Exercise requirements:
From the material below, retype exactly the lines that begin at the line with "只有通信、互联网、物联网、云" and end after the line with "Insulated Ø 4"; pictures stay out of the copy.

Data extract:
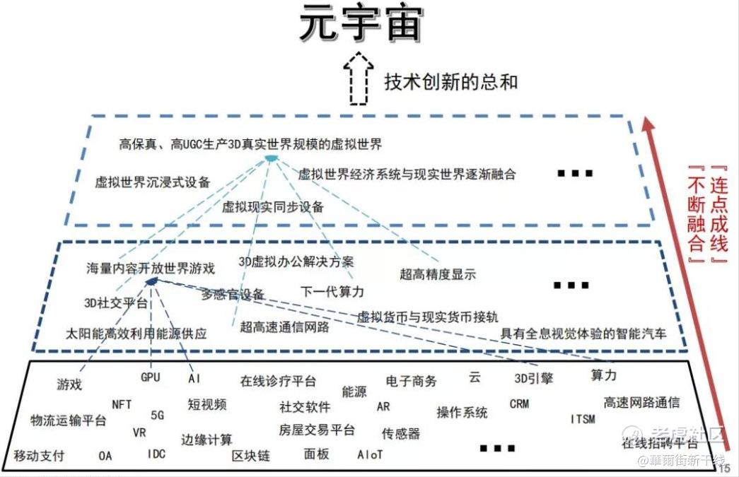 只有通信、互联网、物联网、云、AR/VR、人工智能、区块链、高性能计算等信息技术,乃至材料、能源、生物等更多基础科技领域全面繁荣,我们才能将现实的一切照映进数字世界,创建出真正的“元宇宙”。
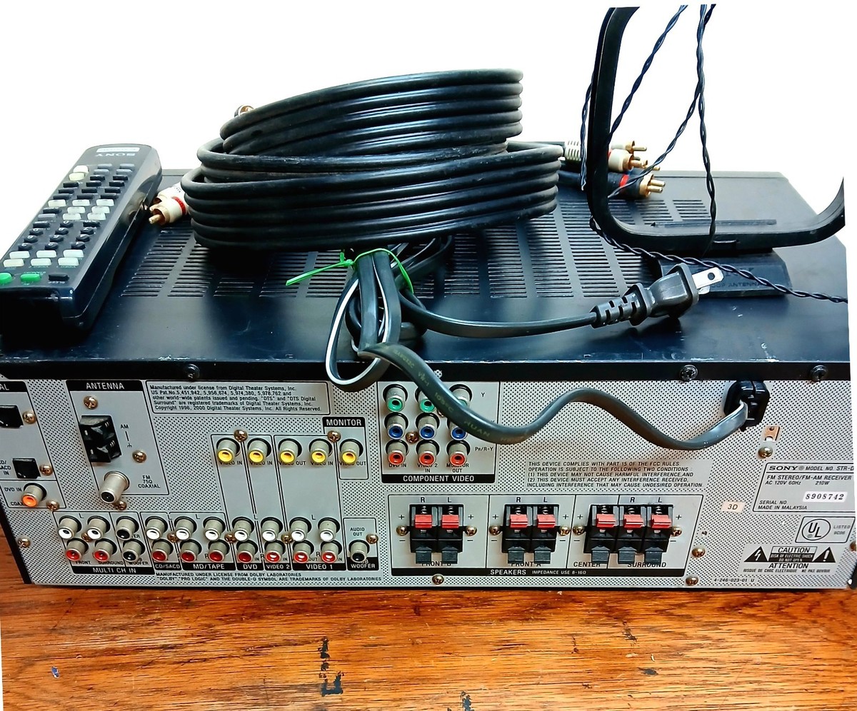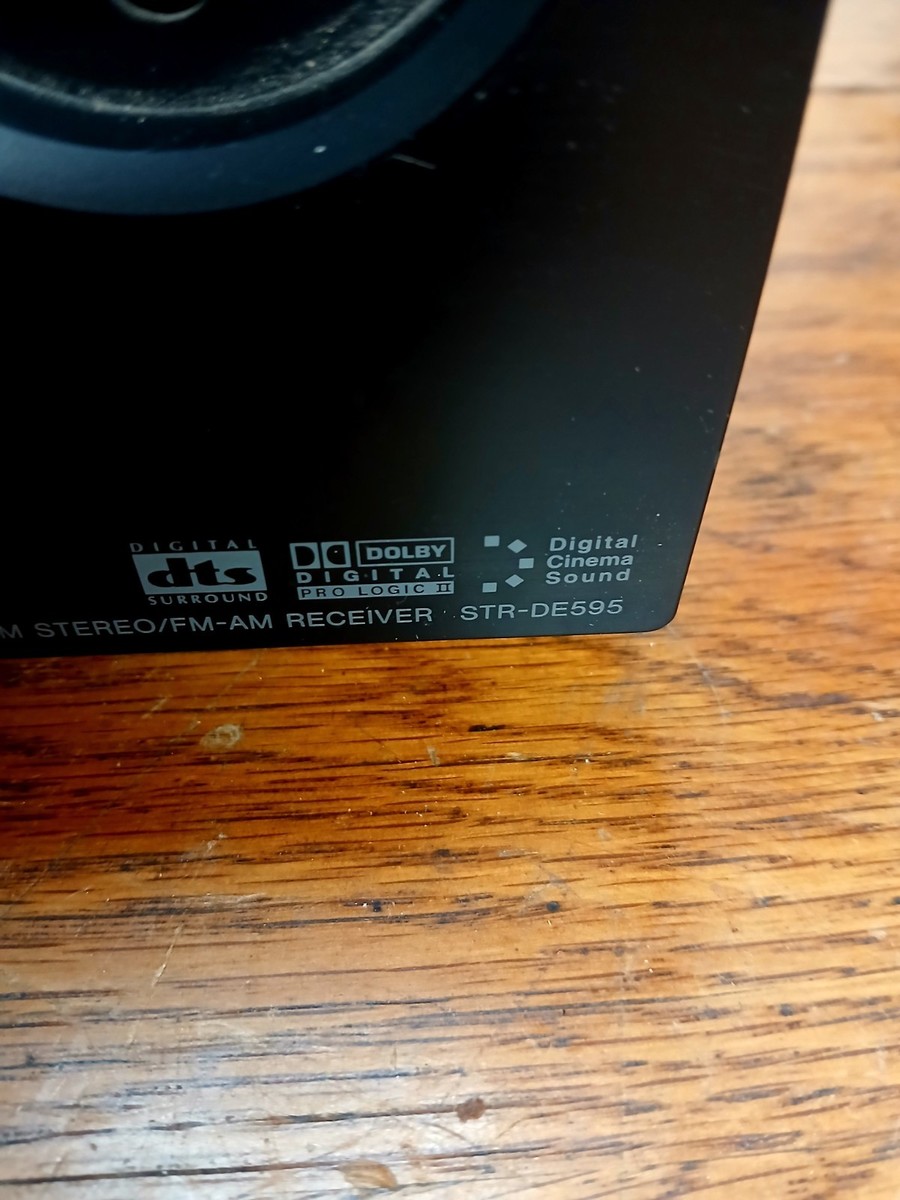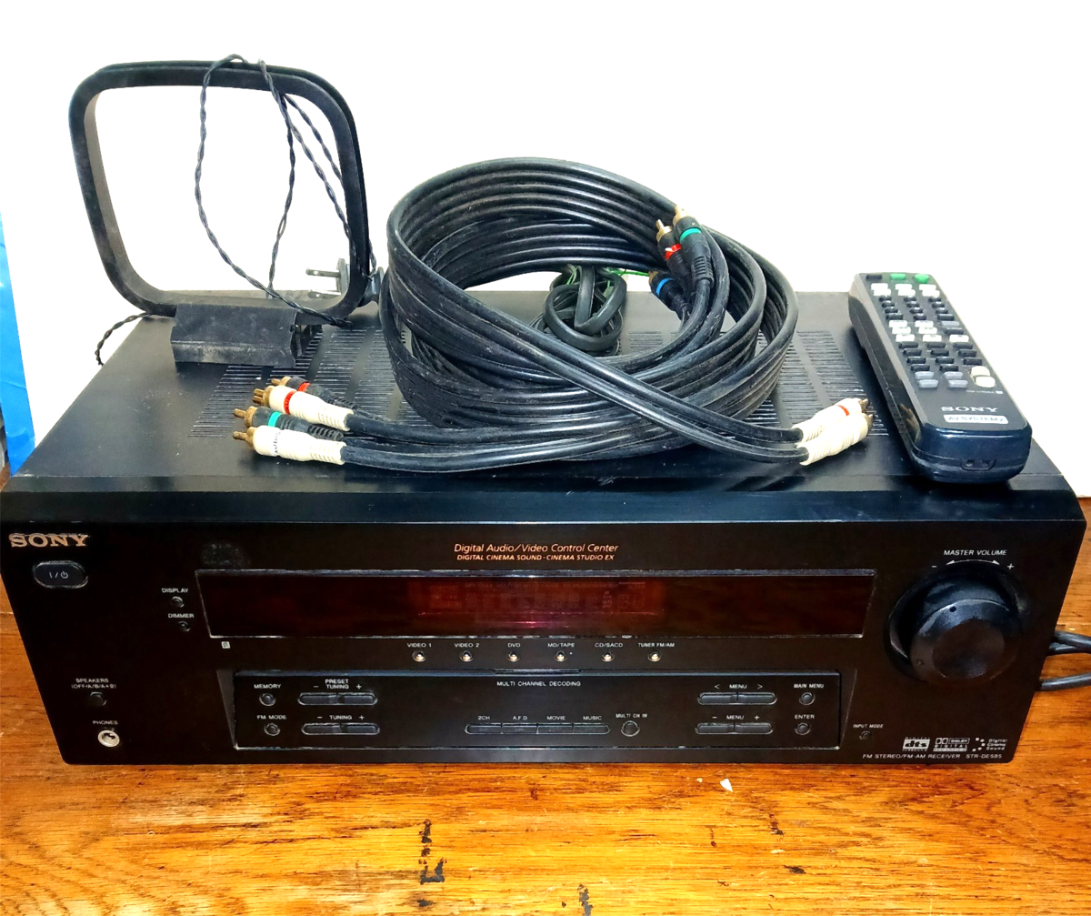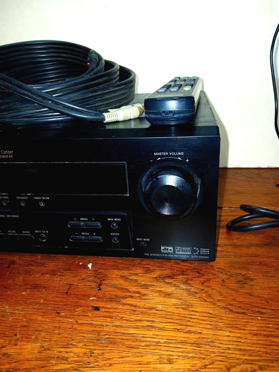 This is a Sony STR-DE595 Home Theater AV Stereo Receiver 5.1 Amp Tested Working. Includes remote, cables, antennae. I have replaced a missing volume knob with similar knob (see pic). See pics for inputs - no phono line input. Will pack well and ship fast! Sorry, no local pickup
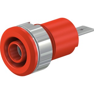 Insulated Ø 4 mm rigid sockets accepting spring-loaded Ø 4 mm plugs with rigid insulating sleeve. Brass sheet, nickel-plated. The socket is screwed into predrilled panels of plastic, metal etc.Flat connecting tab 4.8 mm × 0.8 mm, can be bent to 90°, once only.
---
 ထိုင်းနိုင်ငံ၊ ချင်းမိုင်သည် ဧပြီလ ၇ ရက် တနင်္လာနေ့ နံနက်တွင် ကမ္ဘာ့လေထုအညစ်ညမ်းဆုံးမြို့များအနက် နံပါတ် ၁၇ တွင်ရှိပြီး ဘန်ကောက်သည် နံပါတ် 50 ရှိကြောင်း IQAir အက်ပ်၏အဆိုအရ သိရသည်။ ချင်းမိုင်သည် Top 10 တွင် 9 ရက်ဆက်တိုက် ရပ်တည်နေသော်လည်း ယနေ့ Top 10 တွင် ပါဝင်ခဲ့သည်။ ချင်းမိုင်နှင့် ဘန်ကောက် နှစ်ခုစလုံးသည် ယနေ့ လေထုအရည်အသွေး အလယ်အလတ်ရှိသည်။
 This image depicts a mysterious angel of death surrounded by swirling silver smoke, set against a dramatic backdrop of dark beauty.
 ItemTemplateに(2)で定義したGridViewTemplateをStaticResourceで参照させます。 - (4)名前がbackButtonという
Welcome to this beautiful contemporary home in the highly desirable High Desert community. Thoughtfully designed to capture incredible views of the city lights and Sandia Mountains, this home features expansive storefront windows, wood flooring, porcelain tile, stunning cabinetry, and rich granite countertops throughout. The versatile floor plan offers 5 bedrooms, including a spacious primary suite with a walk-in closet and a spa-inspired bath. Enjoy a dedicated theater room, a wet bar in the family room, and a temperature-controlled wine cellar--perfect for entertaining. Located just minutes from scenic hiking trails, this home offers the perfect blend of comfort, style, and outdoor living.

Result of the exercise:
 只有通信、互联网、物联网、云、AR/VR、人工智能、区块链、高性能计算等信息技术,乃至材料、能源、生物等更多基础科技领域全面繁荣,我们才能将现实的一切照映进数字世界,创建出真正的“元宇宙”。
 This is a Sony STR-DE595 Home Theater AV Stereo Receiver 5.1 Amp Tested Working. Includes remote, cables, antennae. I have replaced a missing volume knob with similar knob (see pic). See pics for inputs - no phono line input. Will pack well and ship fast! Sorry, no local pickup
 Insulated Ø 4 mm rigid sockets accepting spring-loaded Ø 4 mm plugs with rigid insulating sleeve. Brass sheet, nickel-plated. The socket is screwed into predrilled panels of plastic, metal etc.Flat connecting tab 4.8 mm × 0.8 mm, can be bent to 90°, once only.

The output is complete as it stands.